Another camera showed the scene in a Korean army camp. Here the poison seemed different: the soldiers were rushing to put on hazmat gear, but already their faces were turning red, some were throwing up, others were too confused to know what to do, and the worst-affected were on the ground, jerking in seizure. Kai said: ‘Hydrogen cyanide.’
In a supermarket car park, shoppers were jumping out of their gridlocked cars and trying to make it to the store, some with babies and children. Most were too late to reach the doors and they fell to the tarmac, mouths open in screams that Kai could not hear, as mustard gas blistered their skin, blinded their eyes, and destroyed their lungs.
The worst scene was at a US army base. There a nerve agent had landed. Many of the soldiers seemed to have been wearing protective gear already, a far-sighted precaution. They were desperately trying to help others who had not yet got around to it, including a lot of civilians. The stricken men and women were half blind, streaming with sweat, vomiting and twitching uncontrollably. Kai thought they must be exposed to VX, an English invention favoured by North Koreans as a murder weapon.
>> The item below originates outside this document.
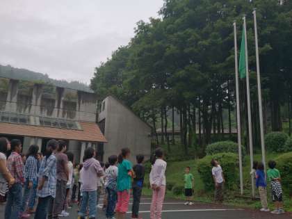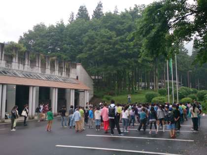 中野ビレッジ到着。開室式が始まりました。なんと雨はやんでます〓

It quickly led from agony to paralysis and death by suffocation.
Kai’s phone rang and he answered without taking his eyes off the screen.
It was Defence Minister Kong Zhao, who said: ‘Are you fucking seeing this?’
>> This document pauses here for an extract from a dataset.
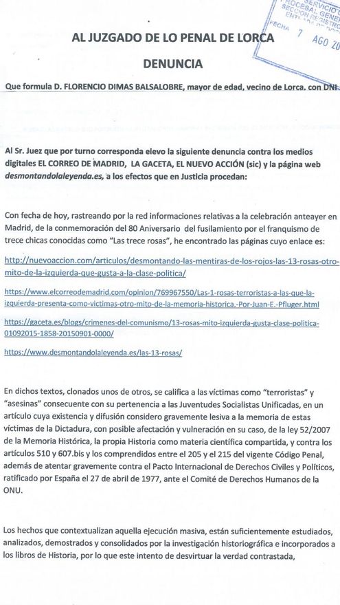 El investigador murciano Floren Dimas ha interpuesto una denuncia en el juzgado de lo penal de Lorca contra tres medios de comunicación ultras y una página web que calificaron a 'Las 13 rosas' como “terroristas” y “asesinas”. La denuncia, con fecha de 7 de agosto, ha sido depositada dos días después de la conmemoración del 80 aniversario del fusilamiento de estas mujeres a manos de la dictadura franquista.

‘They’ve deployed chemical weapons,’ Kai said. ‘And maybe biological too – those act more slowly, we can’t tell yet.’
‘What the fuck are we going to do?’
‘It hardly matters,’ said Kai. ‘The only thing that counts now is what the Americans will do.’
DEFCON 2
ONE STEP FROM NUCLEAR WAR. ARMED FORCES READY TO ENGAGE IN LESS THAN SIX HOURS.
(THE ONLY TIME THE ALERT LEVEL HAS EVER BEEN THIS HIGH WAS IN THE CUBAN MISSILE CRISIS of 1962.)
CHAPTER 37
For a few moments, Pauline was paralysed by horror.
She had turned on the TV while she got dressed, but now she stood in front of the screen in her underwear, unable to look away. CNN was showing non-stop pictures from South Korea, mostly footage taken on phones and posted on social media, also Korean TV coverage, all of it showing a monstrous nightmare beyond anything conceived by the medieval painters of the Day of Judgement.
It was torture at long range. The poison sprays and gases attacked indiscriminately: men and women and children, Koreans and Americans and others. Those out of doors had been most vulnerable, but shops and offices had ventilation systems that sucked in some of the chemicals; and the deadly air could creep into houses and apartments, slipping silently around the edges of doors and windows. It had even drifted down ramps into the underground car parks where some people had taken shelter, causing horrific scenes of panic and hysteria. Gas masks did not offer complete protection for – as the more educated news reports pointed out – some of the lethal substances could slowly enter the bloodstream through the skin.
It was the babies and children that got to her: the screams, the desperate gasping for air, the burned faces, the uncontrollable twitching. It would have been hard to watch adults suffering so badly; to see children in such agony was unbearable, and she kept closing her eyes, then forcing herself to look.
The phone rang. It was Gus. She said: ‘How widespread is this?’
‘The three major cities of South Korea are affected – Seoul, Busan and Incheon – plus most US and Korean military bases.’